I was contemplating a title for this article. My girlfriend came up with “The Girl Who Stepped on a Rattlesnake.” We nixed it because, in her words, “It makes you sound too stupid.” So I went with our second choice.
For my snakebite anniversary I decided to go back to the scene of the crime and do what I was so rudely interrupted doing last year.
That was—taking a picture of wild lupins in the exact spot where, while I was adjusting my camera lens, I stepped on a Northern Pacific rattlesnake. This time, of course I would be oh-so-much-more-careful and watch where I place my giant size 9 ½ gunboats.
I brought my dog along. My dog was also bitten by a rattlesnake the year before I was. She was also with me the day of my snakebite. I went to my girlfriend Jacqueline’s house at the trailhead: She’s the same friend who called 9-1-1. She came along with her dog.
The day was very much like the day that I was bitten, same type of weather, same time of day. We walked and talked about the day I was bitten and how nervous I sometimes feel and how silly it is to be nervous because we both know that I am a member of an elite club. I mean, you are more likely to be struck by lightning than bitten by a venomous snake.
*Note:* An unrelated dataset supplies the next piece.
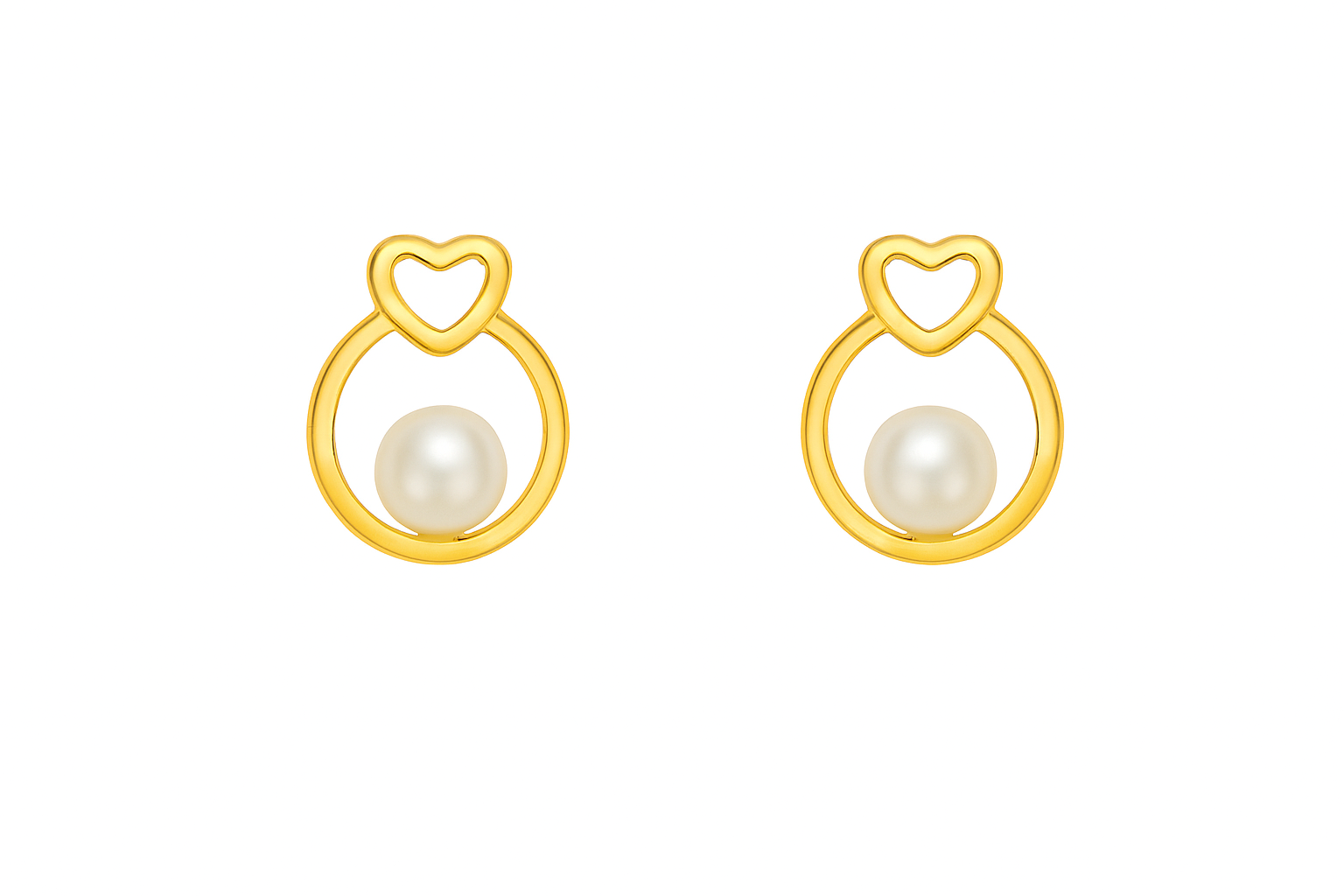 Brinco Coração em ouro 18k com Pérola.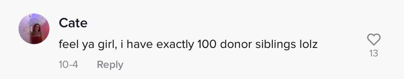 Some commenters on the video shared that they are also children of sperm donors and similarly discovered multiple siblings through DNA tests. One commenter said that they are one of 100. Others have siblings or large numbers of family member who originated in a more typical fashion.

Besides, I’m much more careful now. It is about this point that Jacqueline puts her hand on my arm. I stop in my tracks. She points at the ground I have almost stepped on a small snake with brown markings laying across the trail—I freeze.
I missed it! I completely didn’t see it. My heart is thumping. I’m mildly confused. This small snake is doing what snakes do when they’re scared. It is still and trying to blend in with it’s surrounding and doing a great job. Jacqueline says, ”I don’t think it’s a rattler. Look at the shape of its head.” I take a closer look and breath a sigh of relief. It’s a baby gopher snake.
Jacqueline looks at me and says ”You should never walk down this trail alone.”
Translation: You need a keeper, Idiot Girl.
It was a young gopher snake, maybe a year old. Gopher snakes don’t discharge a foul-smelling liquid all over you when you pick them up like garter snakes do, and the young ones tend to be very docile. I touched it first and then picked it up gently.
Picking up the baby gropher snake
So there I was on my snakebite anniversary holding a snake.
Snake in hand.
I felt like I had sort of come full circle.